Relationship Property

By | September 17, 2013

Relationship Property without being complicated

You probably think of the Property (Relationships) Act 1976 (the PRA) as legislation that will determine your relationship property after you separate from your spouse, de facto or civil union partner. You may be surprised to know, however, that it also governs what happens to your property when you die. It can also be used by you when you’re starting a relationship as part of your estate planning, a possible separation and to protect your assets for your children.

Many of the principles that apply to the division of your relationship property if you separate will also apply when you die. Having robust structures are important because your separate property and inheritances can very easily become relationship property or unintentionally pass to your spouse or partner. The division of assets becomes more complex where you, or you and your partner, have family trusts created either before or after the start of your relationship or marriage. On some occasions these trusts can be attacked, and in other circumstances they cannot. This may create an outcome that wasn’t contemplated by you when you originally established them.

The other major issue that may arise is where your relationship property and/or pre-relationship property intermingle with relationship property. An example of this could be using funds from a pre-relationship inheritance to invest in a bach for which the upkeep is paid from joint funds. If you don’t have good paperwork and organisation, what you planned to remain separate for yourself or for your children may be lost to your relationship partner or your partner’s children rather than your own.

You may also own a family home or chattels which are separate property and not held in a trust; these may become relationship property after your relationship passes the three year mark.

Do some planning

Sorting all this logically may seem daunting; we have some practical steps to help.
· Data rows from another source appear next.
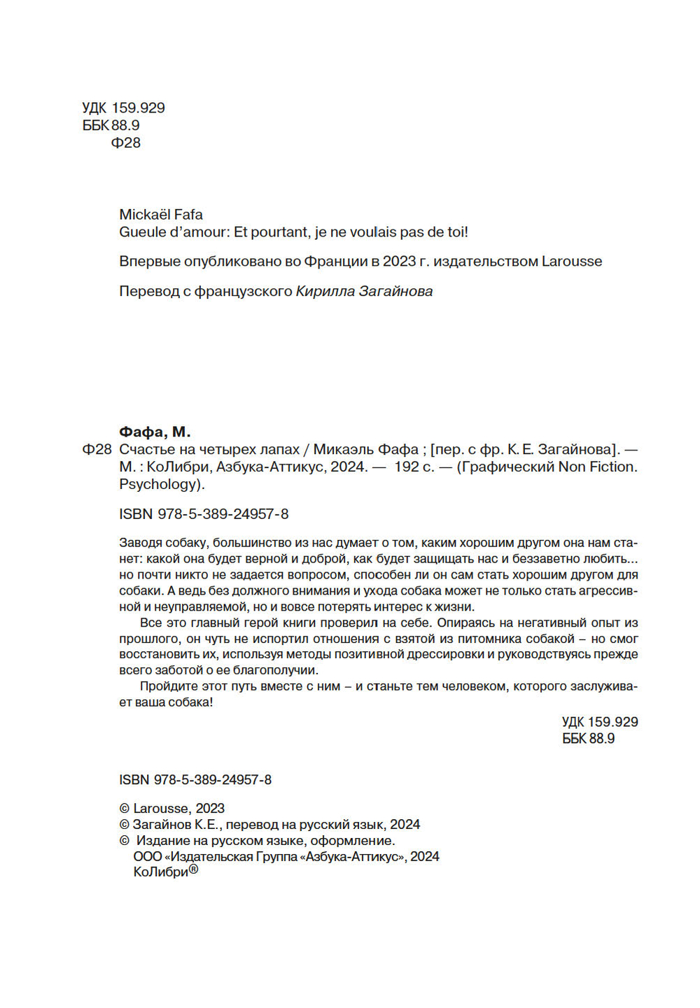 Все это главный герой книги проверил на себе. Опираясь на негативный опыт из прошлого, он чуть не испортил отношения с взятой из питомника собакой – но смог восстановить их, используя методы позитивной дрессировки и руководствуясь, прежде всего, заботой о ее благополучии.
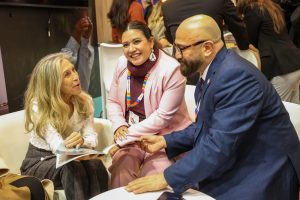La empresaria Fabiana Briseño, la secretaria Estefanía Hernández y el director Ernesto Martínez se reunieron con la alcaldesa de Santa Eulalia del Río, María del Carmen Ferrer Torres, en el marco de las actividades de FITUR 2026.
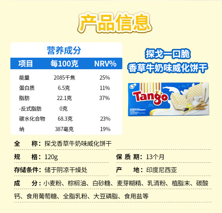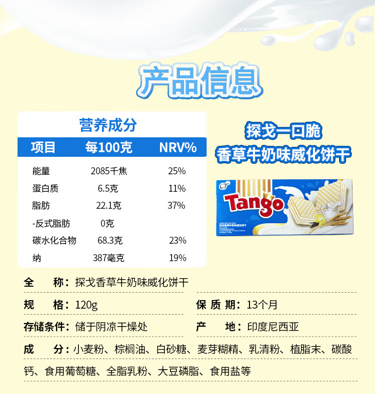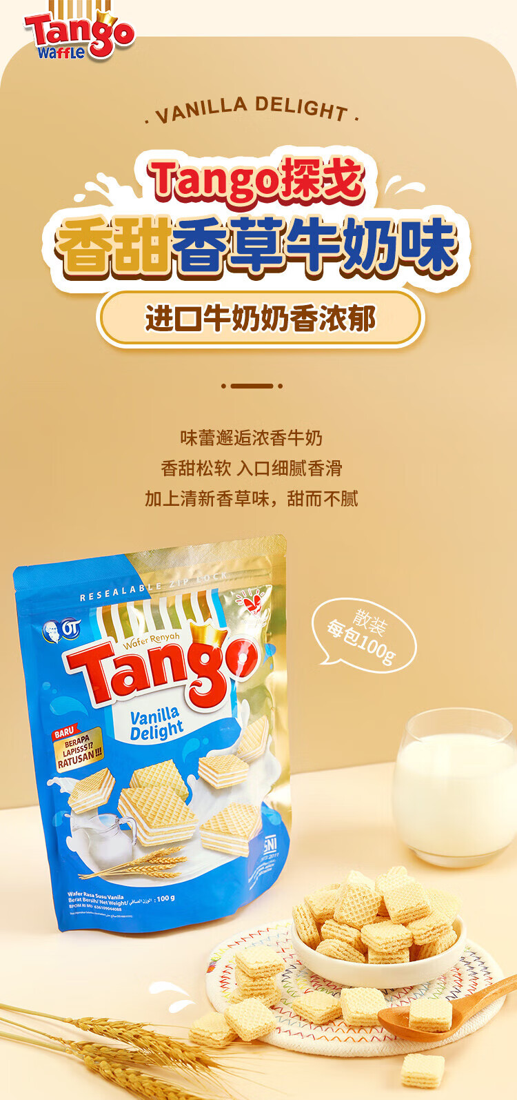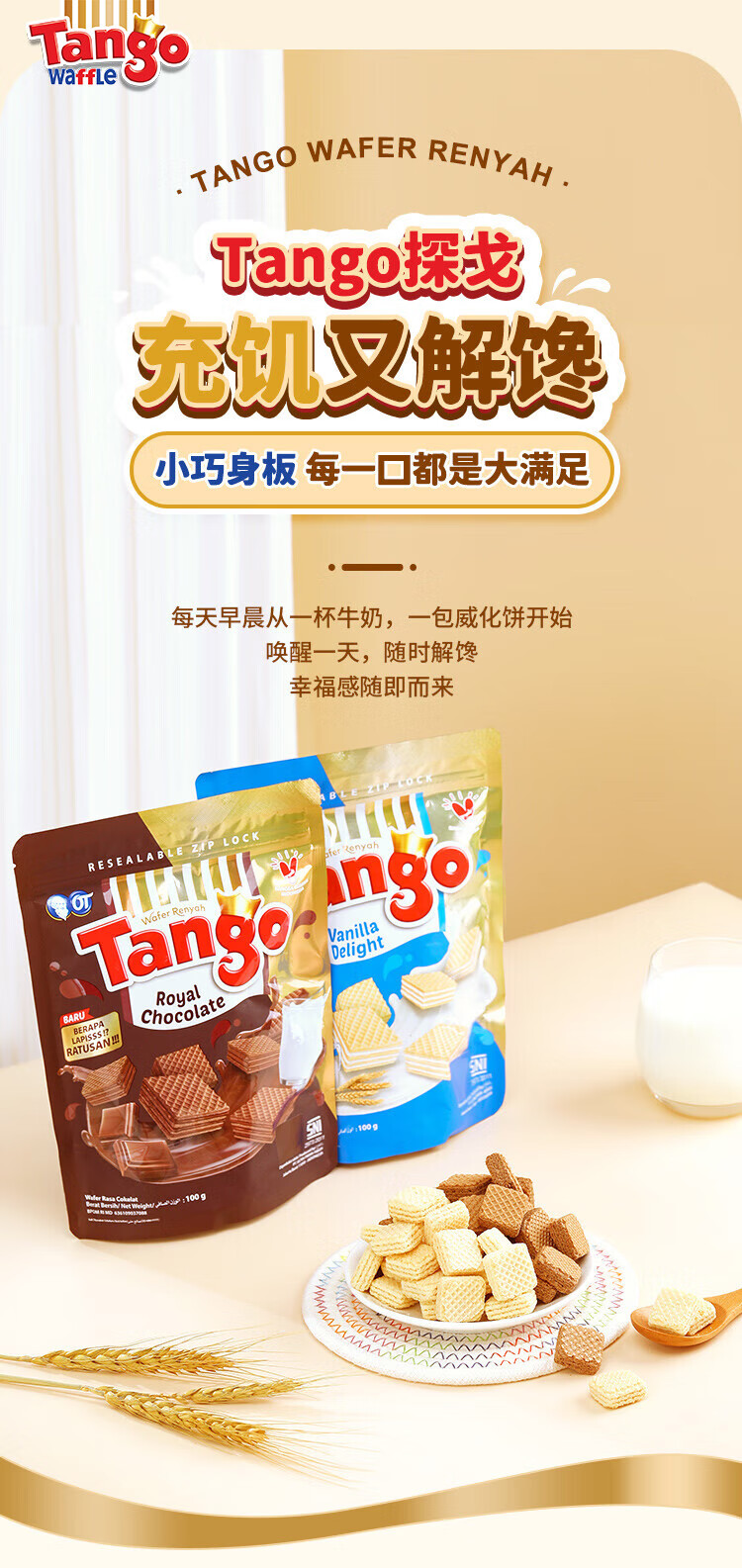 探戈印尼进口威化饼干早餐饼干午后点心100g 巧克力味 100g*2袋200g
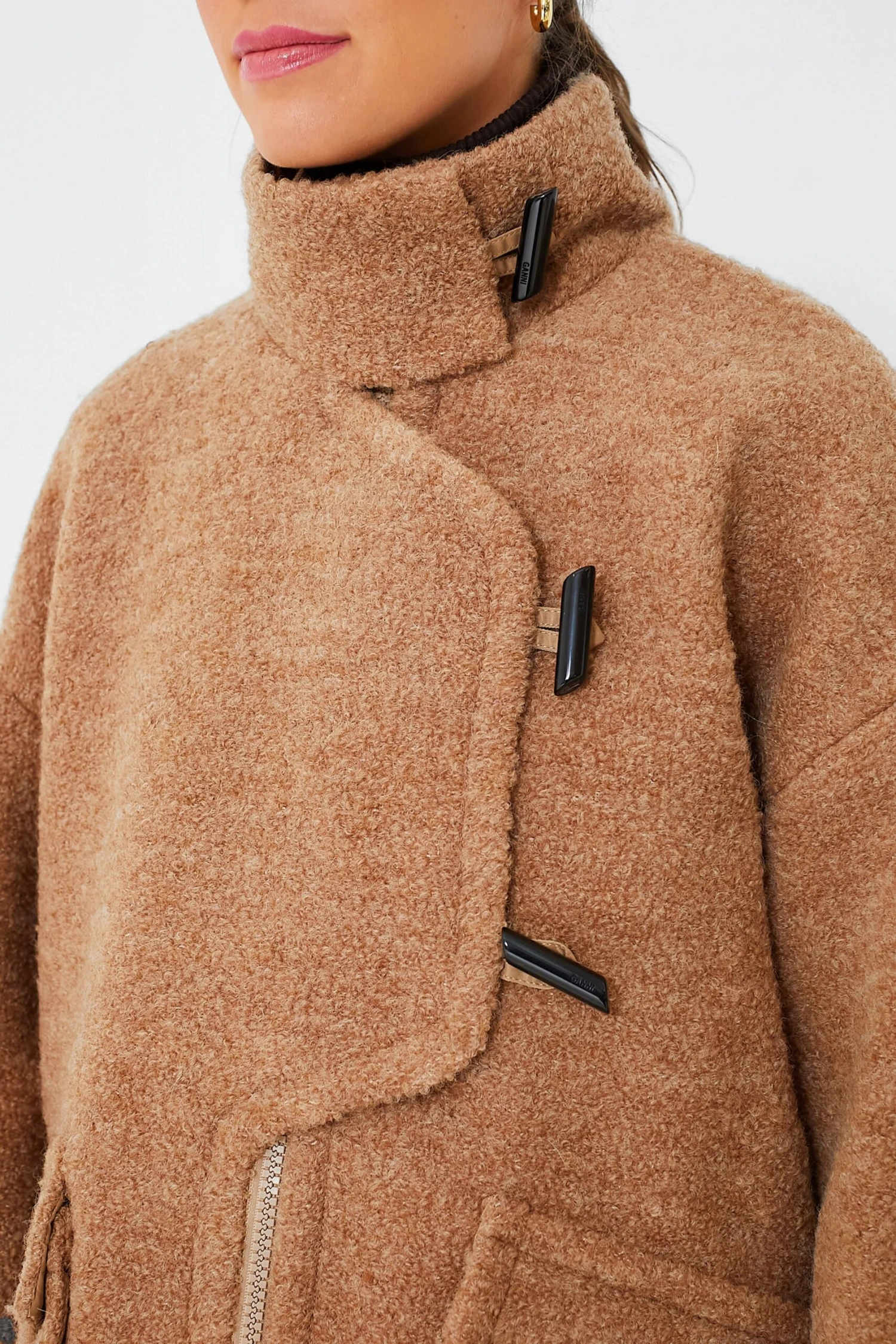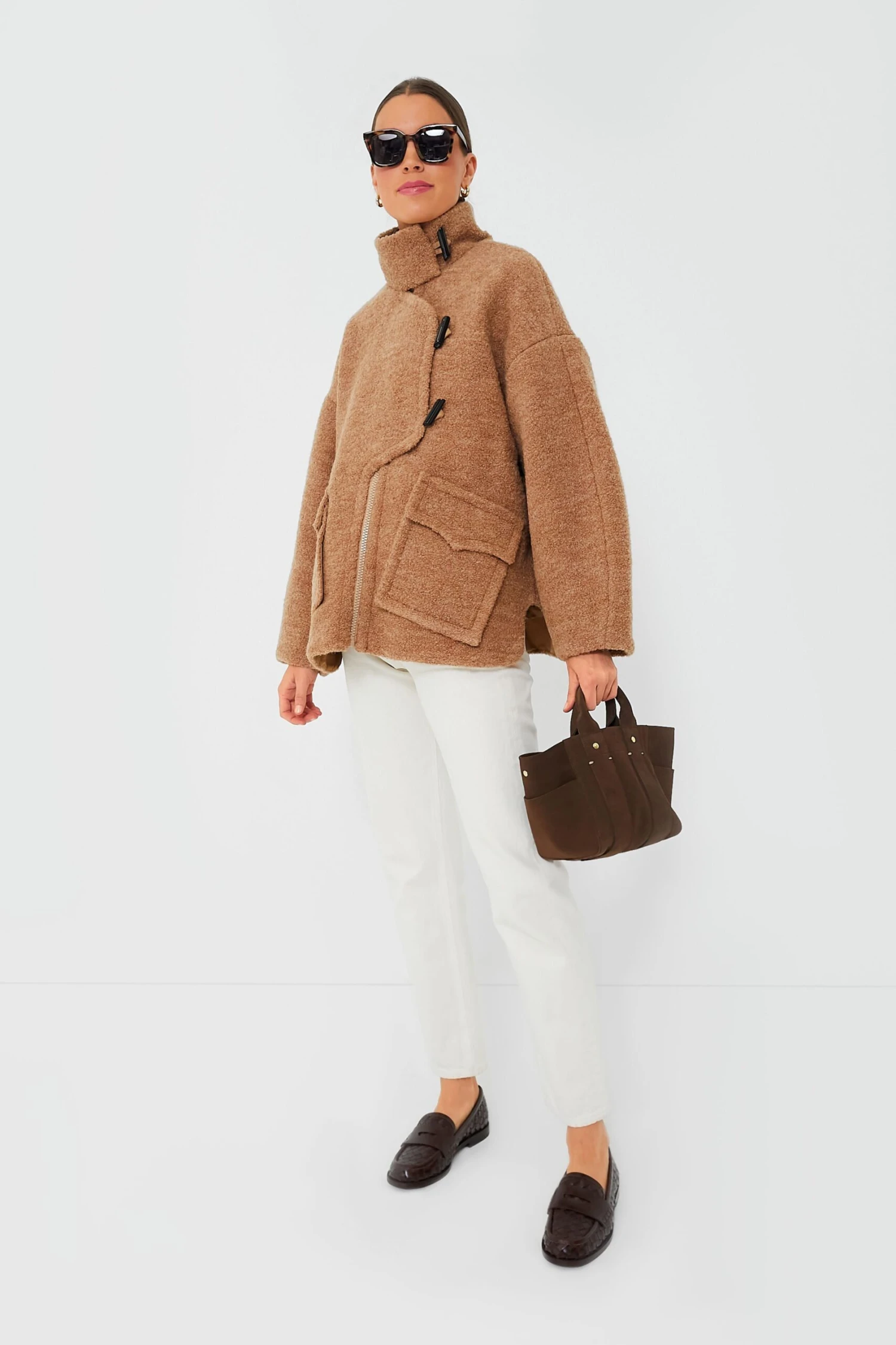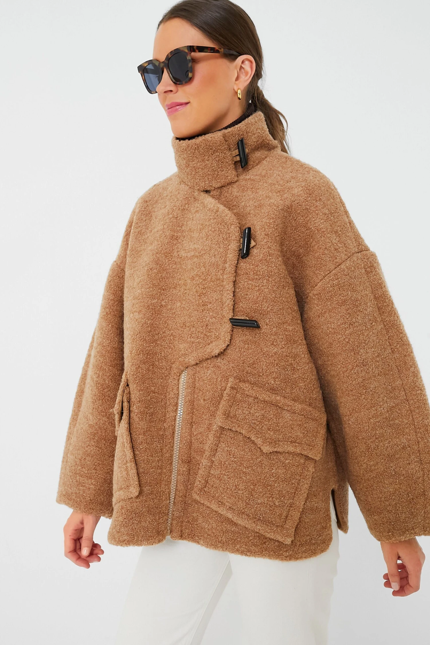 Taking your look up a notch is effortless when you have the Tiger’s Eye Boucle Wool Jacket. Crafted from heavyweight, textured soft recycled fabric, this layer is designed for an oversized fit and features dropped shoulders, toggle buttons, asymmetrical closing and patch pockets with a snap button closure. Throw on over any of your ‘fits for an upgraded vibe!

  1. Have a current Will that reflects who you want to benefit from your estate. Think carefully about choosing your executors and trustees to ensure you have a balance for both the protection of your spouse or partner, and also for your children. You may want to think about naming an independent executor/trustee who has no benefit from your Will.
  2. Draft a Memorandum, or Letter, of Wishes to go with your Will or with your family trust giving clear directions or wishes to your trustees as to what you want them to consider and what you want to be binding on them. This could range from a list of who you want your precious belongings to go to, or it could be how to decide what to allow the children to have before they are old enough to inherit outright.
  3. Contract out of the PRA: Enter into a section 21 agreement under the PRA setting out what is to happen if your marriage or relationship ends, and also what should happen when one of you dies. This will also be helpful if you have become mentally incapable and any attorney you have appointed may not have the power to do anything about it.
  4. Tenants in common: Own your house as ‘tenants in common in shares’ so that if one of you dies your house is held in trust for the survivor for a number of years or for life. On your spouse or partner’s death, your share of the house passes to your children or family. You may also want to think about holding other investments as tenants in common in shares. A tenancy in common arrangement won’t, however, give you any specific advantage in a separation situation.
  5. Establish a family trust to protect your assets: The timing for this is crucial. You should do this:
    • Before you enter into a relationship or marriage
    • Before or after you enter into a relationship or marriage,and you receive any significant gifts or inheritances, or
    • After the commencement of your relationship or marriage, and by agreement with your spouse or partner, to deal with specific assets.
  6. Establish a joint trust or parallel trusts with your spouse or partner: this will allow you to provide for each other when you die, but reserves future or shared benefits to your children.
  7. Establish Enduring Powers of Attorney for Property and Personal Care and Welfare in case you become mentally incapable. This will ensure you have an attorney to make decisions on your behalf and will make sure that your known wishes are carried out.

Whether you are in your first or subsequent relationship or marriage, you should seriously consider these straightforward steps that will help protect your assets not only for yourself, but also for your children or family.

DISCLAIMER: This article is true and accurate to the best of our and the author(s)’ knowledge. It should not be a substitute for legal advice. No liability is assumed by us or the author(s) or publisher for losses suffered by any person or organisation relying directly or indirectly on this article. Views expressed are the views of the author(s) individually and do not necessarily reflect the view of this firm. This article may not be reproduced without prior approval from us and the editor.